Bronchiectasis is characterised by a persistent productive cough. The sputum will frequently be purulent and of large quantity. Haemoptysis is encountered in 50-70% of patients. In some cases the haemoptysis will be massive and on rare occasions fatal. If the bronchiectasis is widespread dyspnoea will result from the loss of communication between the bronchiectatic airways and the alveoli and from the destruction of lung tissue.

Halitosis may occur.

Clubbing can develop in a variety of chronic intrathoracic conditions and bronchiectasis is no exception; clubbing is found in approximately 30% of patients.

In severe, widespread disease the alterations to the pulmonary vasculature can produce pulmonary hypertension and right heart failure.

Rarely, amyloidosis or brain abscesses can develop.

Examination of an affected part of the lung discloses crackles and wheeze.

Investigations

A high resolution CT scan of the chest should permit the diagnosis to be confirmed Other investigations will concentrate on trying to determine the aetiology of the bronchiectasis. Lung function tests tend to disclose an obstructive pattern of disease.

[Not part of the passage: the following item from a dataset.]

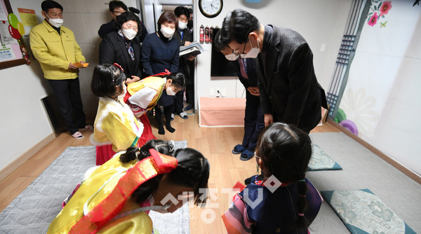 이어 논산애육원에 방문한 양승조 도지사와 황명선 논산시장은 시설 운영현황을 점검하고, 시설 관계자들의 애로사항을 청취하는 등 노고를 위로하며, 사과·귤 등의 위로품을 전했다.

During an infective exacerbation sputum culture is important to determine the organism and its antibiotic sensitivities.

Treatment

The underlying cause should be treated if possible, although this will usually only stop the progression of the disease.

Physiotherapy and postural drainage of the lungs can help to reduce the chances of infection. Localised disease may be amenable to surgery.

Infection is treated as for pneumonia and as appropriate for the causative organism. The course of antibiotics may needed to be longer than for pneumonia in general.